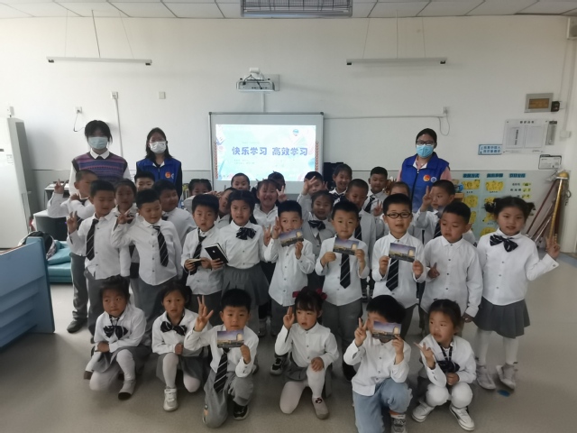 图1.志愿者为孩子们传授高效学习的小技巧
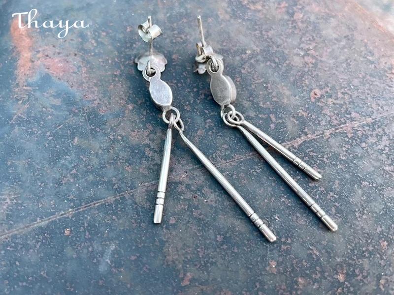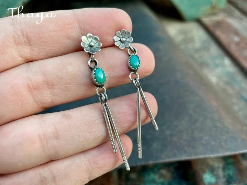 These earrings feature a delicate floral design at the top, leading to a vibrant, oval-shaped turquoise stone set in a detailed silver casing. Below the gemstone, two sleek, silver rods hang gracefully, adding a modern touch to the classic design.
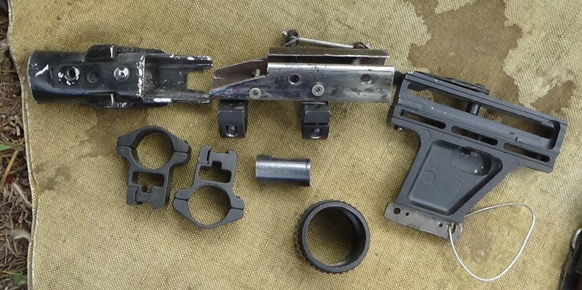 Также, при обыске у охотника изъяли разобранную ручную гранату Ф1, самодельный станок для пристрелки ружья, запчасти на ружья: цевье, тыльник приклада, спусковые скобы, затвор, антабки и части ударно-спускового механизма, 8 прикладов и лож огнестрельного ружья, бакелитовый магазин АК-74, пистолетные рукояти для ружей, три ножа кустарного производства, барабан от револьвера Perfecta калибра 8 мм, крепления для оптических прицелов, чехлы для ружей, ремни, лекало для изготовления приклада (скелетного типа), 20 гильз калибра 12 мм, магазин пистолета, пистолет Perfecta (украден в РФ в 2017 году), гладкоствольное незарегистрированное оружие МЦ-2112.
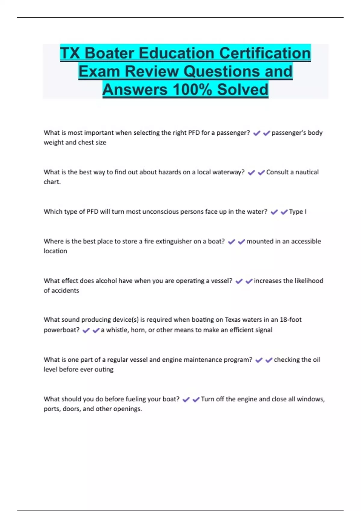 TX Boater Education Certification Exam Review Questions and Answers 100% Solved What is most important when selecting the right PFD for a passenger? passenger's body weight and chest size What is the best way to find out about hazards on a local waterway? Consult a nautical chart. Which type of PFD will turn most unconscious persons face up in the water? Type I Where is the best place to store a fire extinguisher on a boat? mounted in an accessible location What effect does alcohol have when you are operating a vessel? increases the likelihood of accidents What sound producing device(s) is required when boating on Texas waters in an 18-foot powerboat? a whistle, horn, or other means to make an efficient signal
******
- Directions for this task -
Your job is to restate, word for word, only the lines from the one holding "Также, при обыске" through the end of the material; pictures stay out.

- Response to the task -
 Также, при обыске у охотника изъяли разобранную ручную гранату Ф1, самодельный станок для пристрелки ружья, запчасти на ружья: цевье, тыльник приклада, спусковые скобы, затвор, антабки и части ударно-спускового механизма, 8 прикладов и лож огнестрельного ружья, бакелитовый магазин АК-74, пистолетные рукояти для ружей, три ножа кустарного производства, барабан от револьвера Perfecta калибра 8 мм, крепления для оптических прицелов, чехлы для ружей, ремни, лекало для изготовления приклада (скелетного типа), 20 гильз калибра 12 мм, магазин пистолета, пистолет Perfecta (украден в РФ в 2017 году), гладкоствольное незарегистрированное оружие МЦ-2112.
 TX Boater Education Certification Exam Review Questions and Answers 100% Solved What is most important when selecting the right PFD for a passenger? passenger's body weight and chest size What is the best way to find out about hazards on a local waterway? Consult a nautical chart. Which type of PFD will turn most unconscious persons face up in the water? Type I Where is the best place to store a fire extinguisher on a boat? mounted in an accessible location What effect does alcohol have when you are operating a vessel? increases the likelihood of accidents What sound producing device(s) is required when boating on Texas waters in an 18-foot powerboat? a whistle, horn, or other means to make an efficient signal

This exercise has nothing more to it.